You must find an alternative way to do that.

Creating index on timestamp column for query which uses year function

I have a HISTORY table with 9 million records. I need to find year-wise, month-wise records created. I was using query no 1, However it timed out several times.
SELECT
year(created) as year,
MONTHNAME(created) as month,
count(*) as ymcount
FROM
HISTORY
GROUP BY
year(created), MONTHNAME(created);
I decided to add where year(created), this time the query took 30 mins (yes it takes so long) to execute.
SELECT
year(created) as year,
MONTHNAME(created) as month,
count(*) as ymcount
FROM
HISTORY
WHERE
year(created) = 2010
GROUP BY
year(created), MONTHNAME(created) ;
I was planning to add an index on created timestamp column, however before doing so, I need the opinion (since its going to take a long time to index such a huge table).
Will adding an index on created(timestamp) column improve performance, considering year function is used on the column?
An index won't really help because you have formed the query such that it must perform a complete table scan, index or no index. You have to form the where clause so it is in the form:
where field op constant
where field is, of course, your field; op is = <= => <> between in, etc. and constant is either a direct constant, 42, or an operation that can be executed once and the result cached, getdate().
Like this:
where created >= DateFromParts( #year, 1, 1 )
and created < DateFromParts( #year + 1, 1, 1 )
The DateFromParts function will generate a value which remains in effect for the duration of the query. If created is indexed, now the optimizer will be able to seek to exactly where the correct dates start and tell when the last date in the range has been processed and it can stop. You can keep year(created) everywhere else -- just get rid of it from the where clause.
This is called sargability and you can google all kinds of good information on it.
P.S. This is in Sql Server format but you should be able to calculate "beginning of specified year" and "beginning of year after specified year" in whatever DBMS you're using.
An index will be used, when it helps narrow down the number of rows read.
It will also be used, when it avoids reading the table at all. This is the case, when the index contains all the columns referenced in the query.
In your case the only column referenced is created, so adding an index on this column should help reducing the necessary reads and improve the overall runtime of your query.
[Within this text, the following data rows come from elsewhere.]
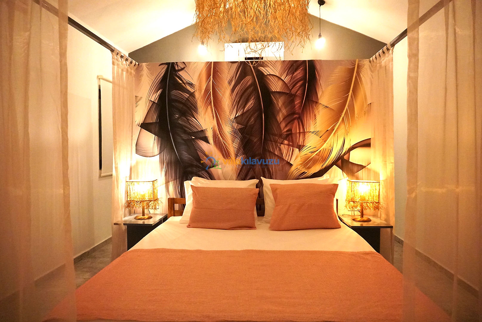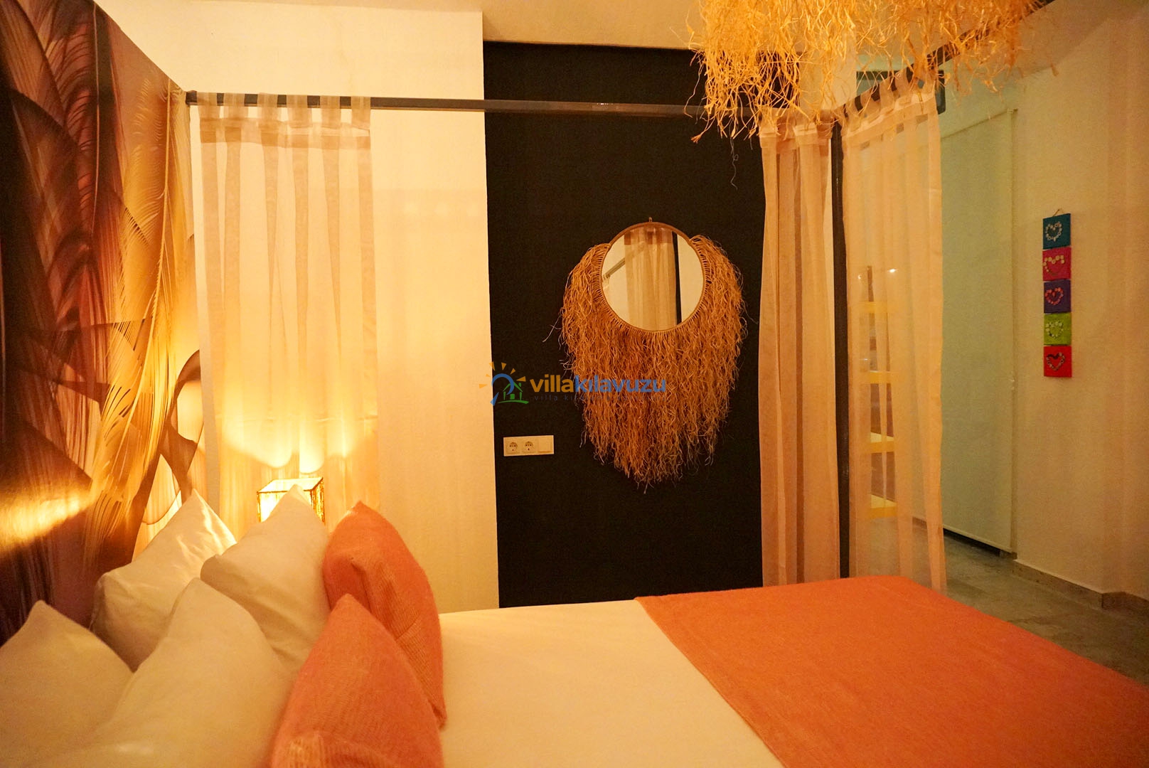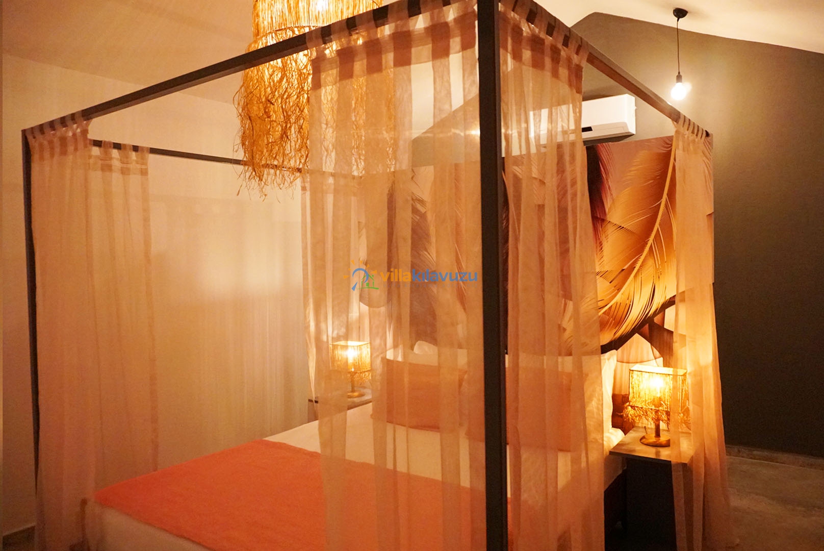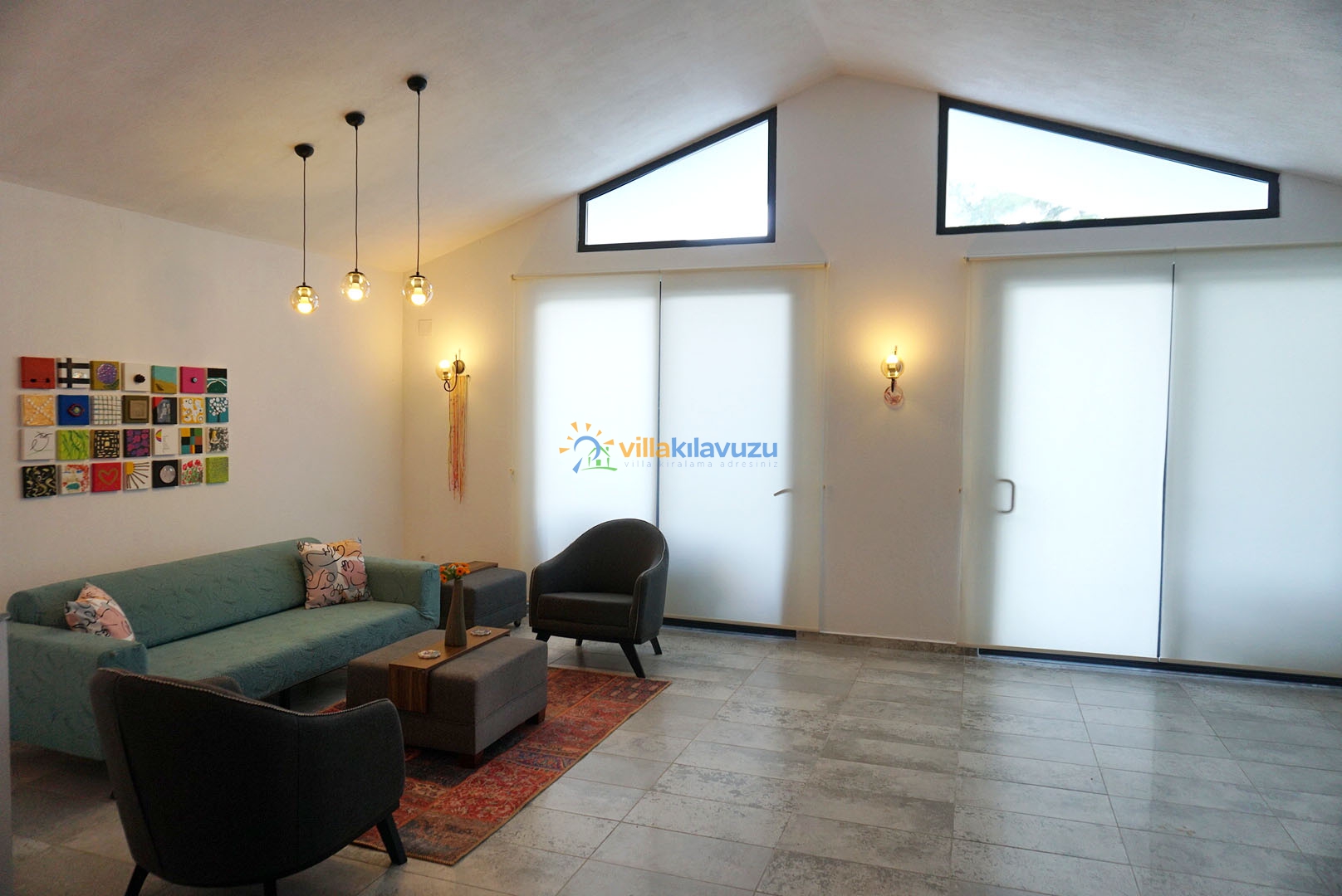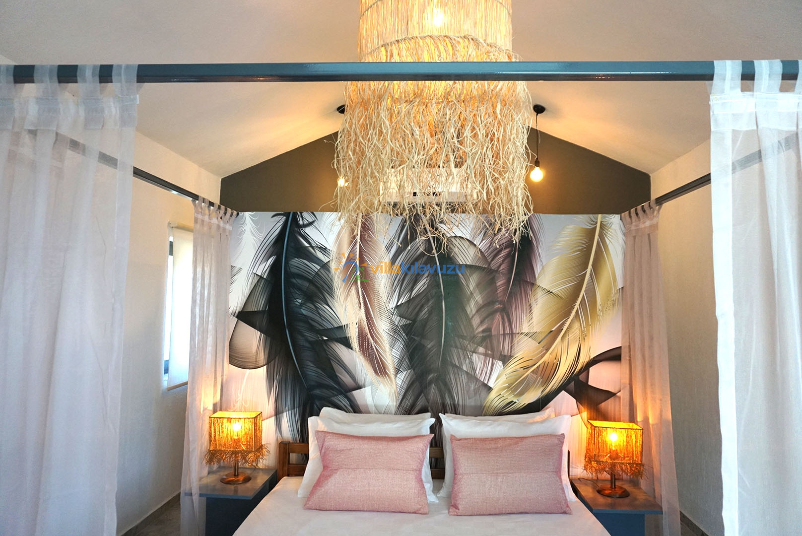 -Villamız 1 yatak odasına sahip olup 2 kişilik konaklama kapasitesine sahiptir.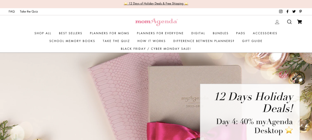 momAgenda diseña y vende agendas y otros productos organizativos creados pensando en las mamás ocupadas. Tiene un excelente reconocimiento de marca, ya que ha sido promovida por madres famosas como Reece Witherspoon y Cindy Crawford. La empresa momAgenda también ha aparecido en la revista Real Simple y en el New York Times.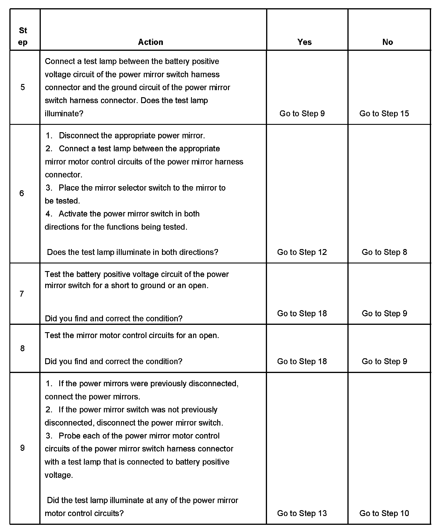 6. This step tests the integrity of both the mirror control circuits and the power mirror switch. If both power mirrors are inoperative on one or more axis, begin testing by disconnecting one of the power mirrors, if an open circuit is detected and repaired for that power mirror, repeat step 6 for the other power mirror.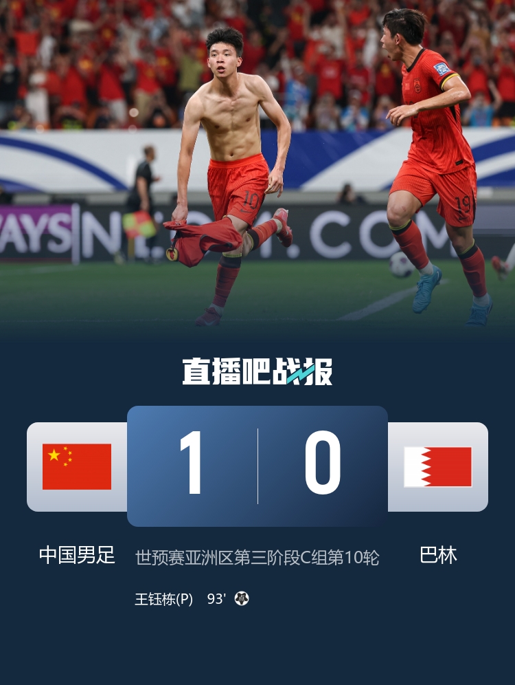 國足主場1-0絕殺+雙殺巴林贏下榮譽戰,王鈺棟處子球,國足終結世預賽4連敗,積9分位居小組倒數第二收官。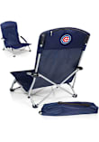 - Heavy-duty, fold-flat portable beach chair that has padded armrests

However, if created is the only column in the table, the index won't change anything in the first query, because it doesn't reduce the number of pages to be read.
Even with a large table, you can test, if an index makes a difference. You can copy only part of the rows to a new table and compare the execution plans on the new table with and without an index, e.g.
insert into testhistory
select *
from history
fetch first 100000 rows only
You want what's known as a Calendar Table (the particular example uses SQL Server, but the solution should be adaptable). Then, you want lots of indices on it (since writes are few, and this is a primary dimension table for analysis).
Assuming you have a minimum Calendar Table that looks like this:
CREATE TABLE Calendar (isoDate DATE,
dayOfMonth INTEGER,
month INTEGER,
year INTEGER);
... with an index over [dayOfMonth, month, year, isoDate], your query can be re-written like this:
SELECT Calendar.year, Calendar.month,
COUNT(*) AS ymCount
FROM Calendar
JOIN History
ON History.created >= Calendar.isoDate
AND History.created < Calendar.isoDate + 1 MONTH
WHERE Calendar.dayOfMonth = 1
GROUP BY Calendar.year, Calendar.month
The WHERE Calendar.dayOfMonth = 1 is automatically limiting results to 12-per-year. The start of the range is trivially located with the index (given the SARGable data), and the end of the range as well (yes, doing math on a column generally disqualifies indices... on the side the math is used. If the optimizer is at all smart it's going to going to gen a virtual intermediate table containing the start/end of range).
So, index-based (and likely index-only) access for the query. Learn to love indexed dimension tables, that can be used for range queries (Calendar Tables being one of the most useful).
I'll assume you are using SQL Server based on your tags.
Yes, the index will make your query faster.
I recommend only using the 'created' column as a key for the index and to not include any additional columns from the History table because they will be unused and only result in more reads than what is necessary.
And of course, be mindful when you create indexes on tables that have a lot of INSERT, UPDATE, DELETE activity as your new index will make these actions more expensive when being performed on the table.
As been stated before, in your case, an index won't be used because the index is created on the column 'created' and you are querying on 'year(created)'.
What you can do is add two generated columns year_gen = year(create) and month_gen = MONTHNAME(created) to your table and index these two columns. The DB2 Query Optimizer will automatically use these two generated columns and it will also use the indices created on these columns.
The code should be something like (but not 100% sure since I have no DB2 to test)
SET INTEGRITY FOR HISTORY OFF CASCADE DEFERRED #
ALTER TABLE HISTORY ADD COLUMN YEAR_GEN SMALLINT GENERATED ALWAYS AS (YEAR(CREATE)),
ADD COLUMN MONTH_GEN VARCHAR(20) GENERATED ALWAYS AS (YEAR(CREATE)) #
SET INTEGRITY FOR HISTORY IMMEDIATE CHECKED FORCE GENERATED #
CREATE INDEX HISTORY_YEAR_IDX ON HISTORY YEAR_GEN ASC CLUSTER #
CREATE INDEX HISTORY_MONTH_IDX ON HISTORY YEAR_GEN ASC #
Just a sidenote: the set integrity off is mandatory to add generated columns. Your table is inaccessible untill you reset the integrity to checked and you force the re-calculation of the generated columns (this might take a while in your case).
Setting integrity off without cascade deferred will set every table with a foreign key to the HISTORY table to OFF too. You will have to manually reset the integrity of these tables too. If I remember correctly, using cascade deferred in combination with incomming foreign keys may cause DB2 to set the integrity of your table to 'checked by user'.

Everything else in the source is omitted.